4 Using Decision Trees as a Guide for Reducing Risk

In 1995 Byrn, Pfeiffer, Ganey, Poochikian, and Hoiberg from Purdue University and the FDA published a paper using decision trees to describe a strategy to reduce risk by identifying the best solid form early in development (Byrn et al. 1995). In this way it is possible to ensure uniformity of solid form in clinical trials and resolve solid state issues before critical stages of development. The decision trees also suggested appropriate analytical methods for control. This is important since appropriate analytical methods reduce risk by providing reliable information. Four decision trees were presented: polymorphs, hydrates/solvates, desolvated solvates, and amorphous forms. This 1995 paper described a typical postdiscovery screen as follows:

Solvents should include those used in the final crystallization steps and those used during formulation and processing and may also include water, methanol, ethanol, propanol, isopropanol, acetone, acetonitrile, ethyl acetate, hexane and mixtures if appropriate.
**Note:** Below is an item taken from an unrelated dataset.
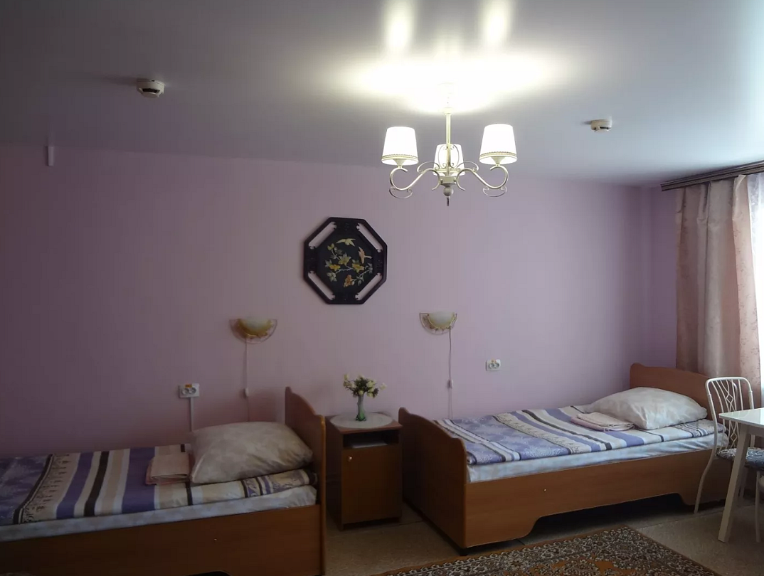 Двуспальная или две односпальные кровати, телевизоры, прикроватные тумбочки, кресла, журнальные столики, стеллажи для одежды. Удобства: санузел и душевые кабины находятся на этаже, в отдельном оборудованном помещении, раздельно мужские и женские.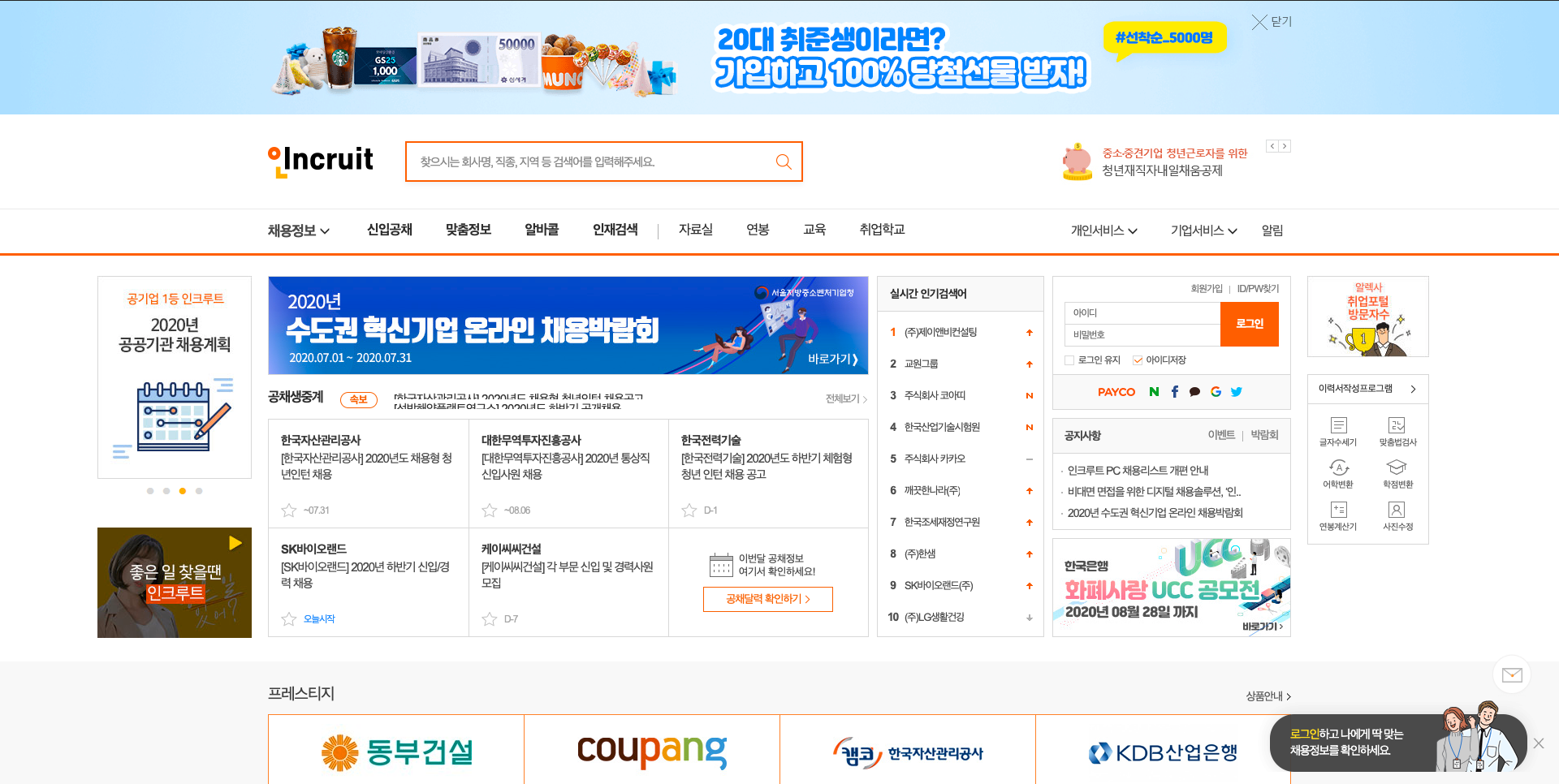 실시간 취업정보 인크루트

New crystal forms can often be obtained by cooling hot saturated solutions or partly evaporating clear saturated solutions. The solids produced are analyzed using X-ray diffraction and at least one of the other methods. In these analyses, care must be taken to show that the method of sample preparation (i.e. drying, grinding) has not affected the solid form.

In the late 1990s the International Committee on Harmonization used a similar decision tree approach to describe how final specifications for the solid form in drug substances (API) and drug product should be determined. In this case, risk is reduced by developing appropriate specifications. Several decision trees were presented in the ICH Q6A document including decision trees on particle size and polymorphs. The ICH utilized the broadened definition of polymorphs that includes hydrates, solvates, and amorphous forms. The ICH decision trees on polymorphs are divided into three questions as shown in Figs. 8.6, 8.7, and 8.8.

Fig. 8.6
figure 6

ICH Q6A question 1 on polymorphs: can different polymorphs be formed?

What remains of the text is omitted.